- What you will do -
Using the material below, print a verbatim copy of every line from the one containing "미국 조지워싱턴대에서 열린" through the one containing "테이블 설명 : K-리그 선수들의 소속팀에 대한 정보를 가지고 있는 테이블", inclusive, and omit the pictures.

- Available records -
-----
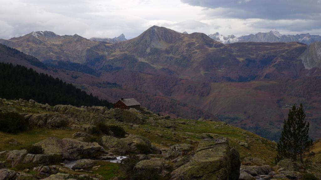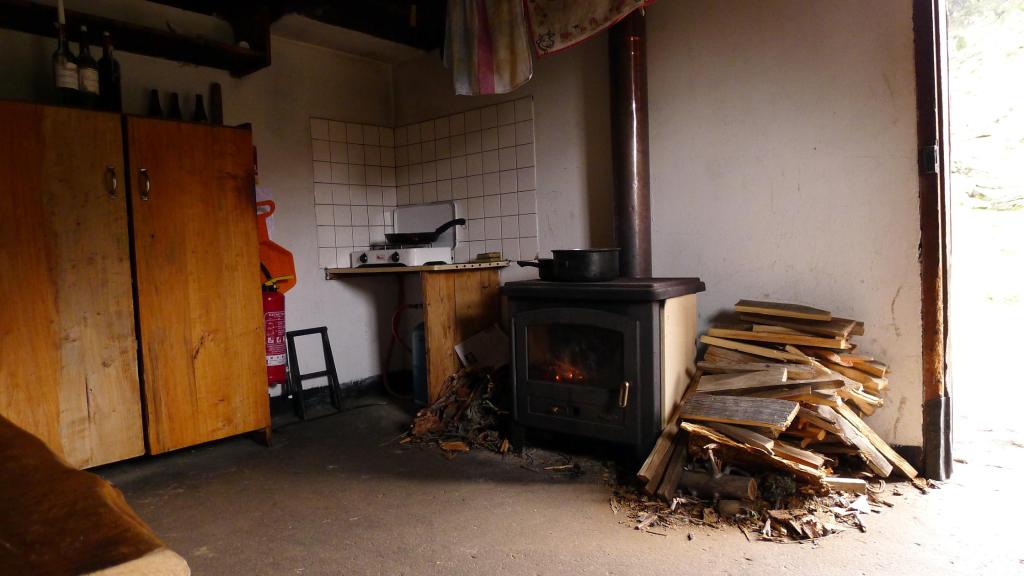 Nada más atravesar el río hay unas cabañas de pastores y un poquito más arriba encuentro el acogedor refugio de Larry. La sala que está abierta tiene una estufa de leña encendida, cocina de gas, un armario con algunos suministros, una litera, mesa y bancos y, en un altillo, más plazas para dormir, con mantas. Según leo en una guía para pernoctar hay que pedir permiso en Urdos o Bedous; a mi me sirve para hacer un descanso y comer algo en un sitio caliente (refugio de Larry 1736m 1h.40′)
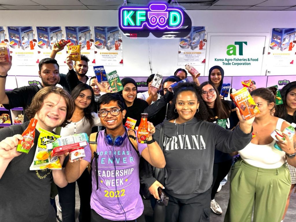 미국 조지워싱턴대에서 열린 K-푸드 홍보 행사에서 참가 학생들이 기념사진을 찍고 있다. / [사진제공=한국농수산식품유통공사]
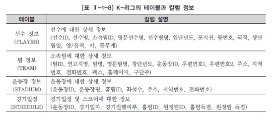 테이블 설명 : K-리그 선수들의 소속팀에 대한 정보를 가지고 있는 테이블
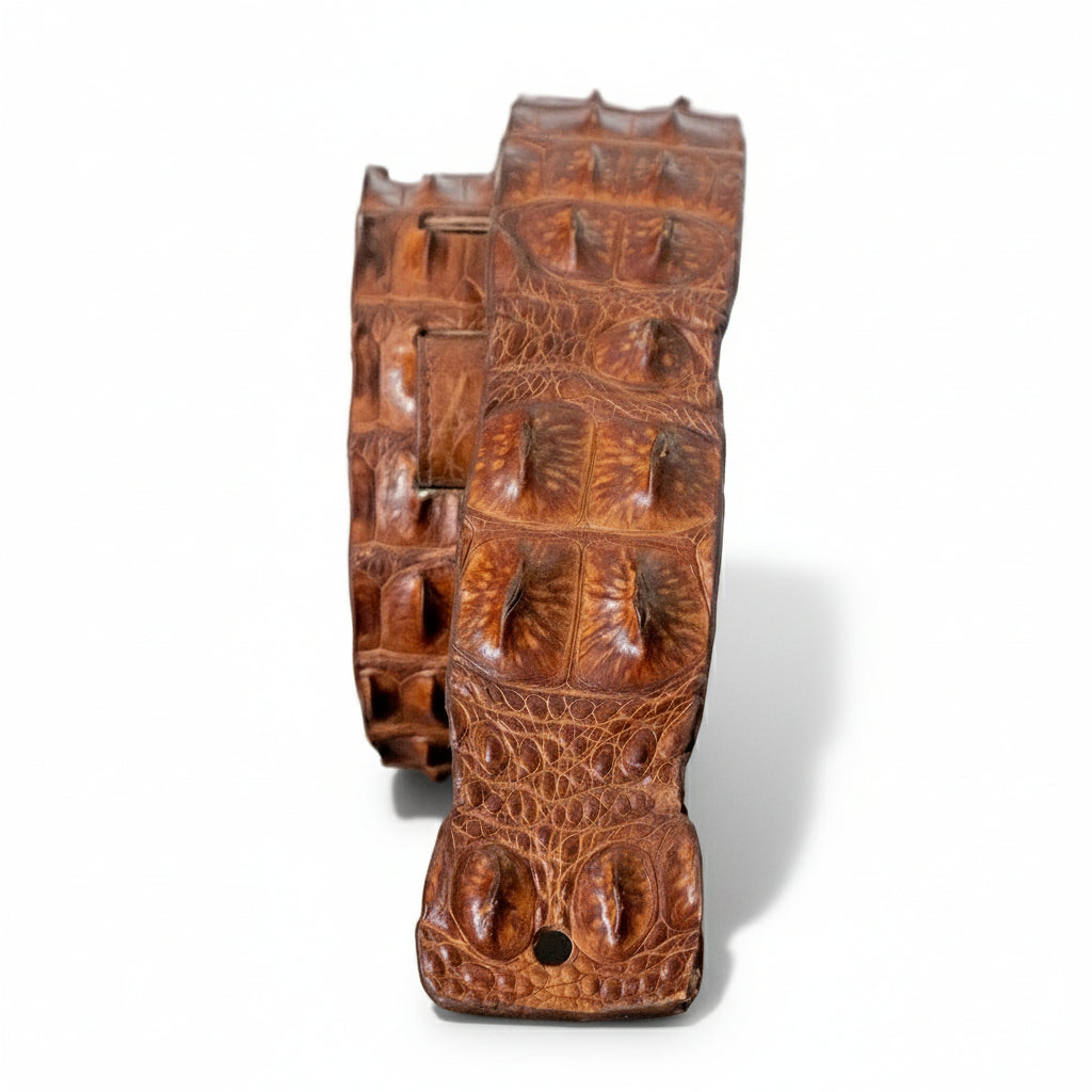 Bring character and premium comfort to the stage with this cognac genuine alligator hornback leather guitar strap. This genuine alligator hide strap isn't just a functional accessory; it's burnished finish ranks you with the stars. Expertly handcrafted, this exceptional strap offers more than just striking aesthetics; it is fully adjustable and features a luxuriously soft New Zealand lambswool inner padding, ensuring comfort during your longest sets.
-----
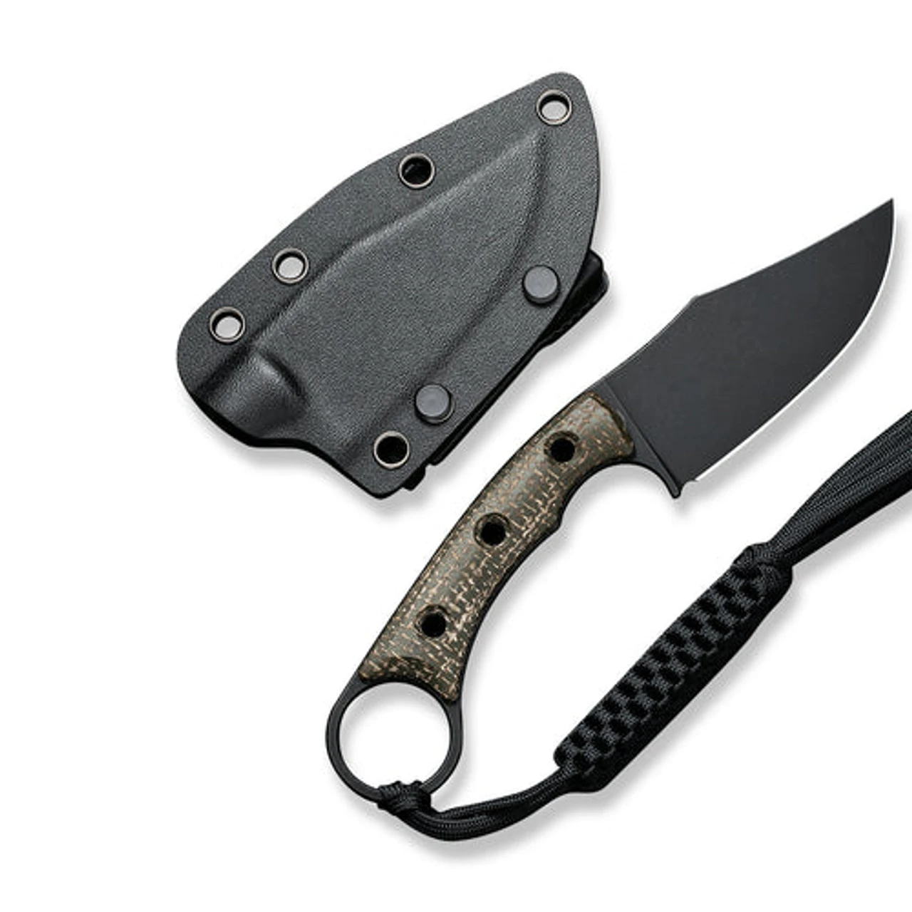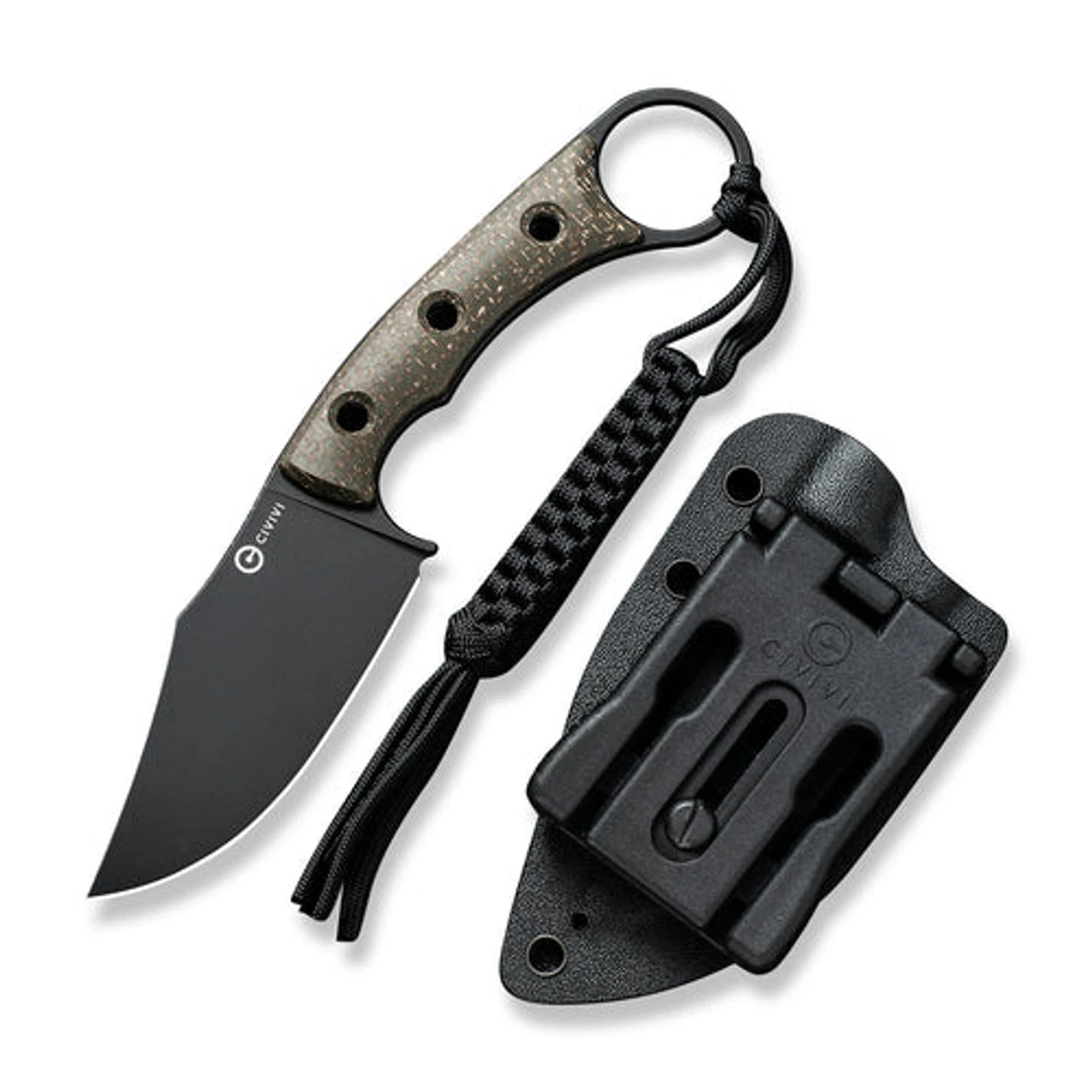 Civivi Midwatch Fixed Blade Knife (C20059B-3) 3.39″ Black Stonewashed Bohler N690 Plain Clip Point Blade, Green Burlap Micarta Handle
-----
- Result for this exercise -
 미국 조지워싱턴대에서 열린 K-푸드 홍보 행사에서 참가 학생들이 기념사진을 찍고 있다. / [사진제공=한국농수산식품유통공사]
 테이블 설명 : K-리그 선수들의 소속팀에 대한 정보를 가지고 있는 테이블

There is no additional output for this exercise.